The problems with parking minimums are both numerous and obvious. First and foremost, the convenience of off-street parking spaces promotes driving, even in cities with efficient and expansive transit systems. The more spaces developers must build, the less space they have for actual residential units, which raises rents; meanwhile, mandatory parking spaces can displace ground-level retailers. And last, if you're not into the whole sustainability or economics thing, off-street parking facilities just aren't very attractive.
Still it's often assumed that without parking minimum regulations in place developers would still build a great deal of parking spaces - perhaps even more than is required of them - to meet demand. But that might not be the case, according to a new report by the N.Y.U. Furman Center [PDF]. After a thorough review of minimum parking regulations and off-street spaces in New York City, the study authors concluded that "more parking spaces exist today than would have been built without the requirements":
Overall, the data suggest that parking requirements cause developers to build more parking spaces than they otherwise would based on what they believe their prospective tenants or buyers demand.
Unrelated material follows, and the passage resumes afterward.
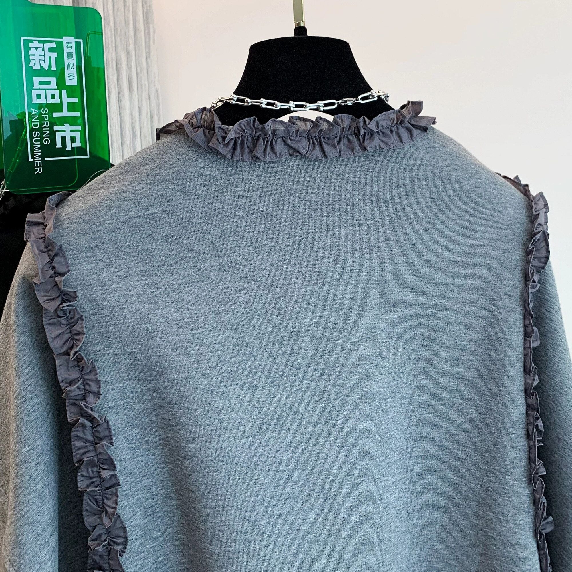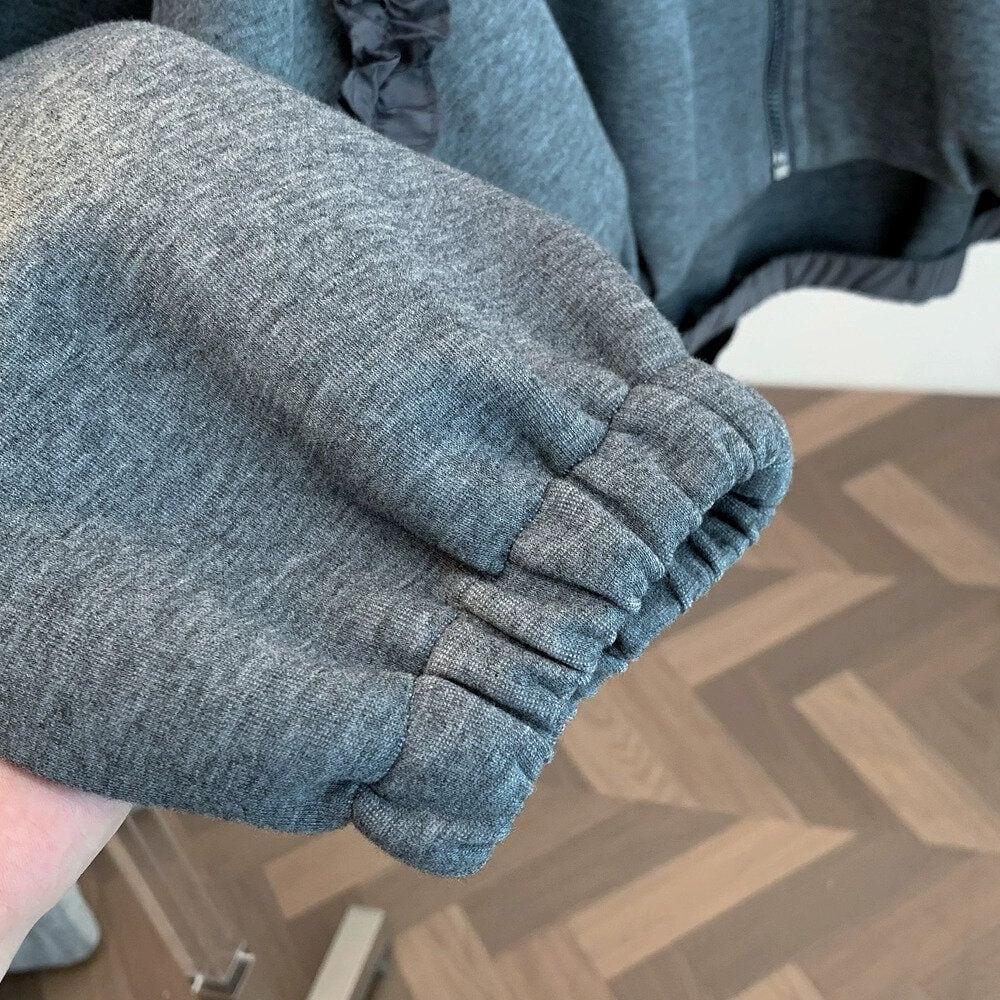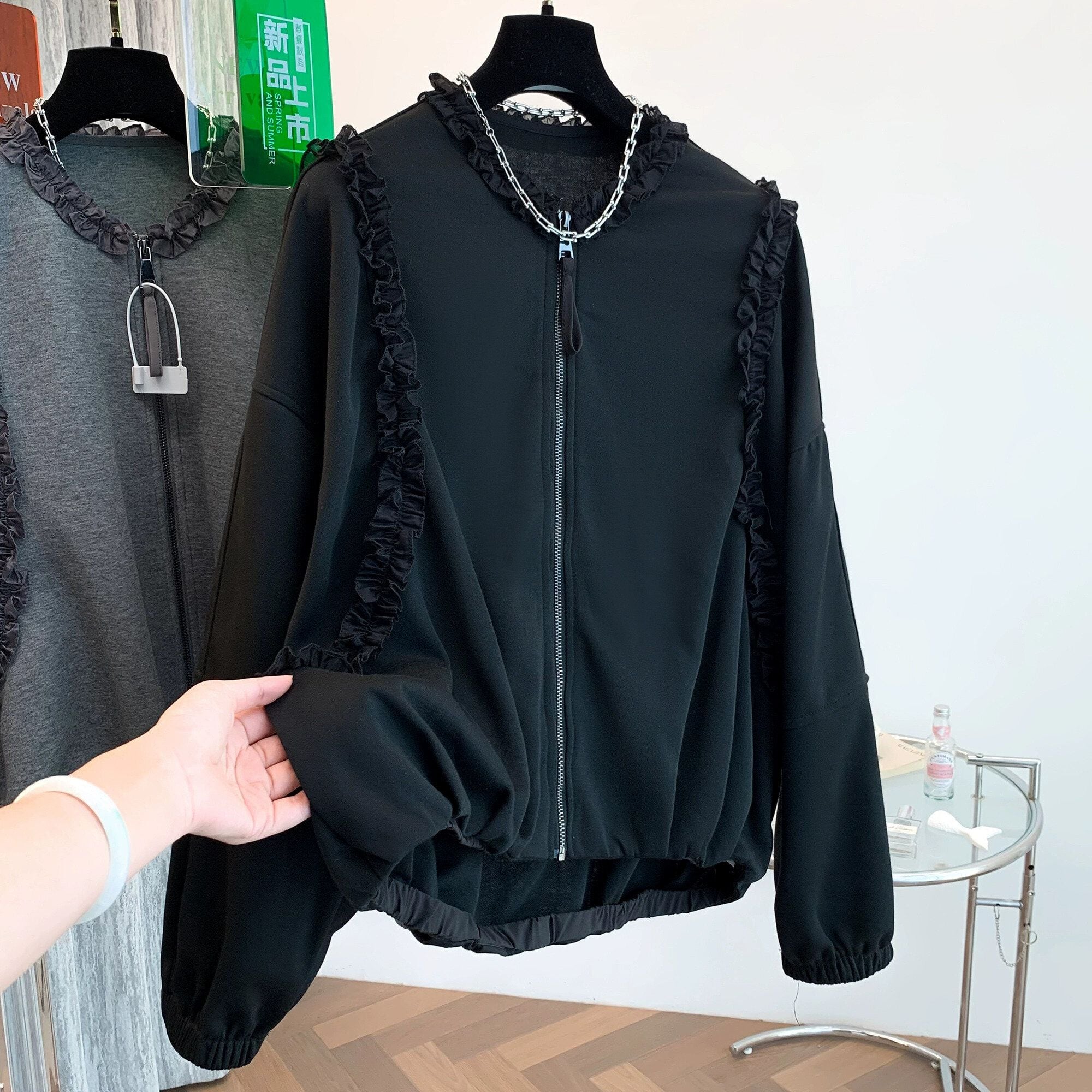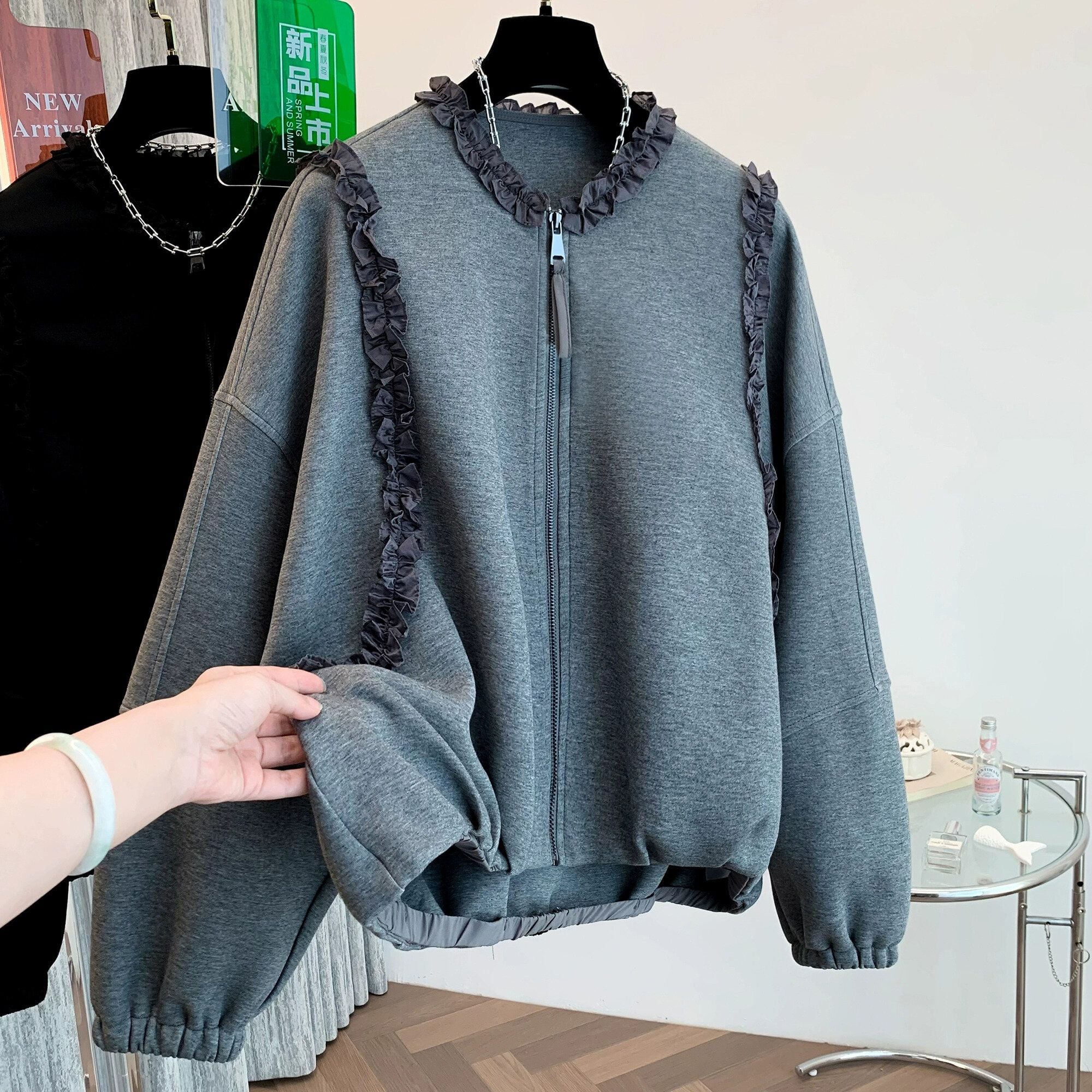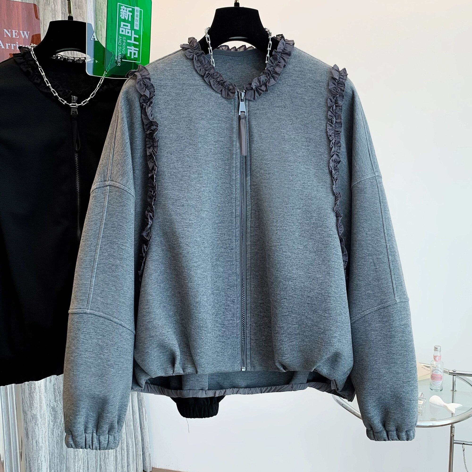 ネック周りやショルダーからサイドに伸びるフリルリボンのラインがキュートな、ラウンドネック・長袖・ハイローヘムのフルジップ・スウェットジャケットです。やや絞られた袖口や裾のシルエットがお洒落な、単色で合わせやすいカジュアルアイテムです。ブラックとグレーの2色から選べます。 SIZE:※測り方によって2-3cmの差が生じる場合がございます。 【M】バスト142cm 肩幅54cm 袖丈46cm 着丈58cm 【L】バスト146cm 肩幅55cm 袖丈47cm 着丈59cm 【XL】バスト150cm 肩幅56cm 袖丈48cm 着丈60cm 【2XL】バスト154cm 肩幅57cm 袖丈49cm 着丈61cm COLOR:Gray、Black 素材:ポリエステル、その他 STYLE CALENDAR:春〇 夏〇 秋◎ 冬〇 お届けについて こちらの商品は海外店舗より直接発送となる為、 ご決済から到着までは、多くの場合【10日-2週間前後】でお届けしております。 ※在庫状況や輸送の混雑により、4週間前後かかる場合がございます。 注意事項 ・商品在庫切れにより注文キャンセルとさせていただく恐れもございますので、予めご了承くださいませ。 ・仕入れ工場を変えることがあるため、記載サイズと若干異なる場合がございます。 ・商品の色味は、お手持ちのスマートフォンの画面によって実物と若干異なる場合がございます。 ・イメージ違いやサイズ交換等、お客さまご都合による交換・返品はご遠慮ください。 送料について 全国一律580円。ただし10,000円以上のご注文で送料無料となります。 お支払い方法について ・クレジットカード決済(VISA/Mastercard/JCB/アメリカン・エクスプレス/ Diners Club) ・コンビニ決済/Pay-easy ※前払いのお支払い方法 ・Pay ID あと払い(コンビニ払い、口座振替) ※あと払いのお支払い方法 ・キャリア決済(d払い/au PAY(auかんたん決済)/ソフトバンク・ワイモバイルまとめて支払い) 管理番号:M-14819

Minimum parking regulations vary across New York City. In some low-density neighborhoods, a new housing unit may require a single new parking space; in high-density ones, every 100 units may call for anywhere between 40 and 85 spots. (Many buildings are also eligible to waive the minimum.) The original, well-intentioned idea behind the minimums was to prevent developers from increasing competition for neighborhood on-street parking, which can cause traffic congestion and harm air quality.
On average, for every 100 new housing units built in the city, 43 off-street spaces are created, according to the new report. Most of these spaces are built in the four outer boroughs; Queens and Staten Island, for example, require effective minimums of 66 and 122 spots per 100 units, respectively. (In Manhattan, on the other hand, parking maximums in the core keep the number of free off-street spaces very low: 5 spaces per 100 units.)
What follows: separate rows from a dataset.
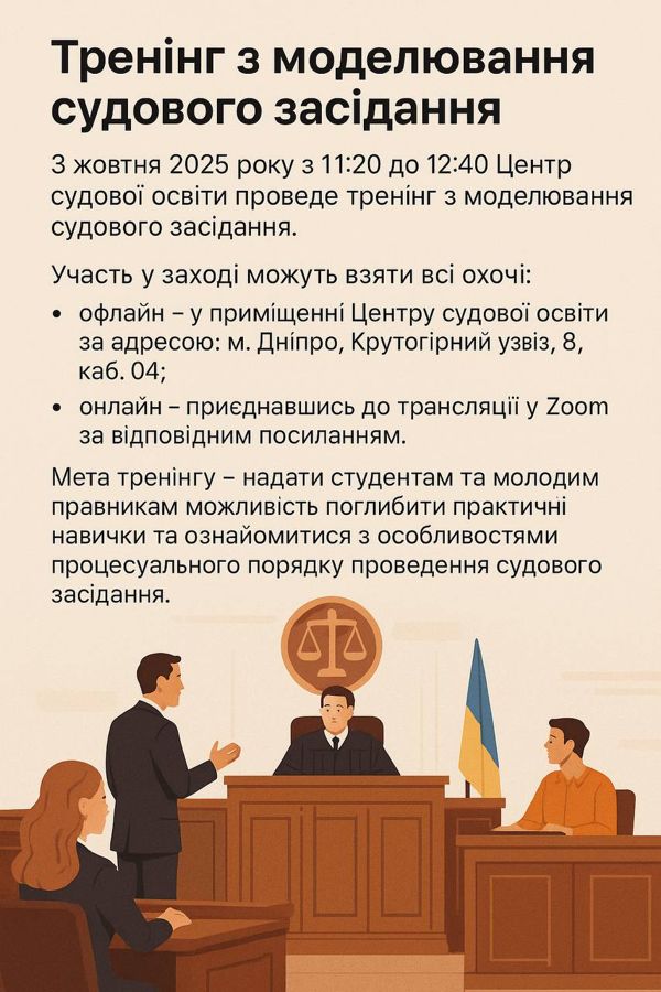 3 жовтня 2025 року з 11:20 до 12:40 Центр судової освіти проведе тренінг з моделювання судового засідання.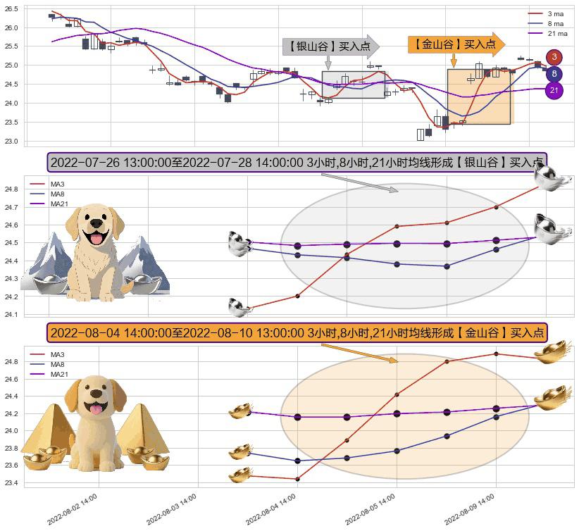 ⚃ 2022-08-05 13:00:00-小时至2022-08-10 13:00:00-小时显现 3小时-8小时-21小时均线 【金山谷】买入点 其再次确认了买入信号,可靠性更强,买入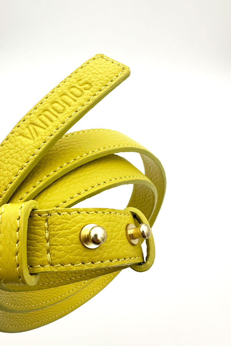 Lucrata manual in Romania, din piele naturala autentica de bovina, de inalta calitate si atent selectionata, aceasta curea are o structura relativ moale si un design modern si dezinvolt, recomandata atat pentru pantaloni, cat si pentru rochite.

The Furman Center report points out a number of inconsistencies with the minimum regulations that lead to the creation of more spaces than necessary. In a city with a transit system as accessible as New York's, for instance, the need for off-street parking should decrease at developments near subway or commuter rail stations. For the most part that seems to be the case: on average, developers must build 72 spots for 100 units in buildings beyond a half mile from a transit station, and only 29 spaces for those inside that distance.
But wasteful outliers do exist. Take, for instance, the 157 Myrtle Avenue building in downtown Brooklyn. Since the building has 631 units, the minimum parking regulation called for 252 parking off-street parking spaces, according to the Furman Center report, despite the fact that at least 10 subway lines are within walking distance. As a result, only half the building's spaces were leased as of last October.
More evidence that parking minimums lead to overbuilding comes from an examination of how many spaces developers actually construct. Of about 300 housing developments built in the last decade or so, 77 percent created the exact minimum number of parking spaces, or very near it. Small buildings, in particular, averaged right at the mandate: those with 5 to 9 units build exactly the required 5 spaces, and those with 10 to 14 units, exactly the required 7 spaces. These building patterns "suggest that developers would build fewer parking spaces without the requirements":
In addition to pointing out some important problems with New York's minimum parking mandate, the report offers a few potential solutions. The most obvious, of course, would be to reduce or eliminate the parking minimum, but a more palatable change might be to adjust them more precisely by neighborhood. If a building will be well-served by transit, then it shouldn't require as many spaces - a guideline followed by cities like Portland. Last, to mitigate any impact new buildings might have on street spaces, developers could pay a fee into a community transit fund that goes toward improving public transportation.